# [PROBLEM]
Starting from the line that holds "С 1 по 30 апреля", output exactly each line through the end of the listing. Do not copy pictures.

# [DATASET CONTENT]
☆ ☆ ☆ ☆ ☆

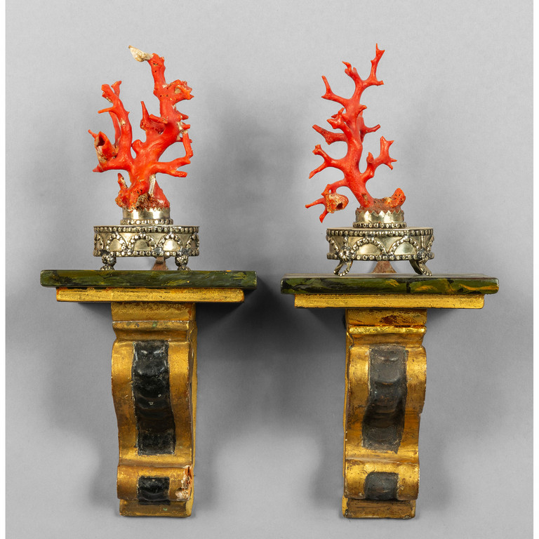 Coppia di rametti in corallo montati su basette in argento (h.tot.cm.16) mensole in legno intagliato sec.XX
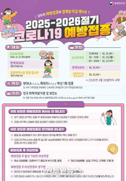 이번 접종은 코로나19 재유행과 중증화 예방을 위해 진행되며, 무료 접종 대상은 65세 이상 어르신과 감염취약시설 입원·입소자, 면역저하자이다. 어르신 접종은 연령별로 순차적으로 진행된다.
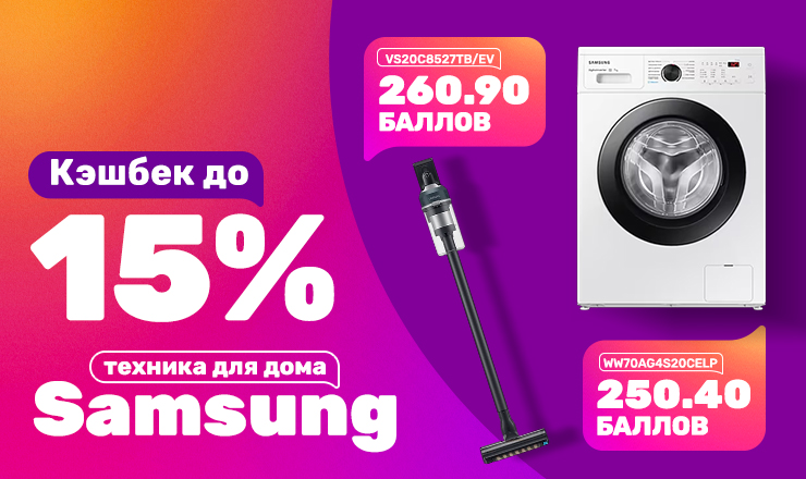 С 1 по 30 апреля 2025 года, мы начислим вам 10-15% бонусных баллов от стоимости Samsung в вашем заказе.
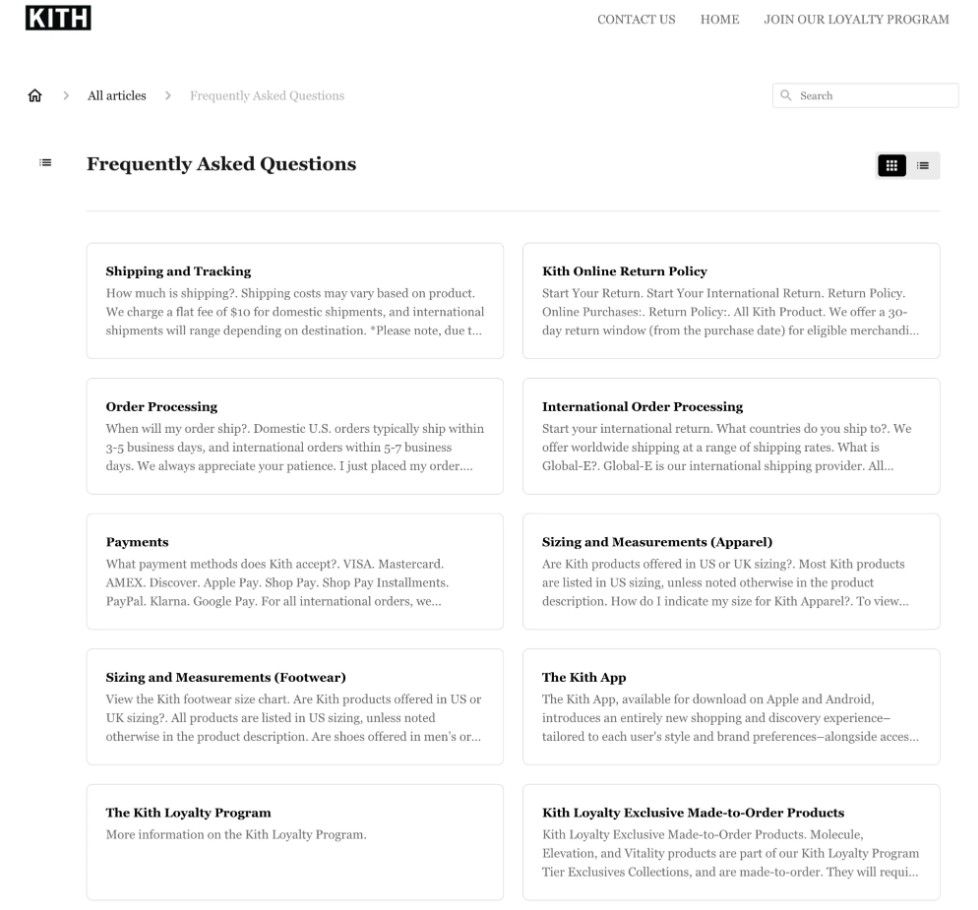 While you don’t need to create an entire help center, having the information spread across and on an FAQ page will save you a lot of time and money in the future. For example, the FAQ page by KITH does a great job at answering queries without a ton of snazzy tech.

☆ ☆ ☆ ☆ ☆

# [SOLUTION TO THIS PROBLEM]
 С 1 по 30 апреля 2025 года, мы начислим вам 10-15% бонусных баллов от стоимости Samsung в вашем заказе.
 While you don’t need to create an entire help center, having the information spread across and on an FAQ page will save you a lot of time and money in the future. For example, the FAQ page by KITH does a great job at answering queries without a ton of snazzy tech.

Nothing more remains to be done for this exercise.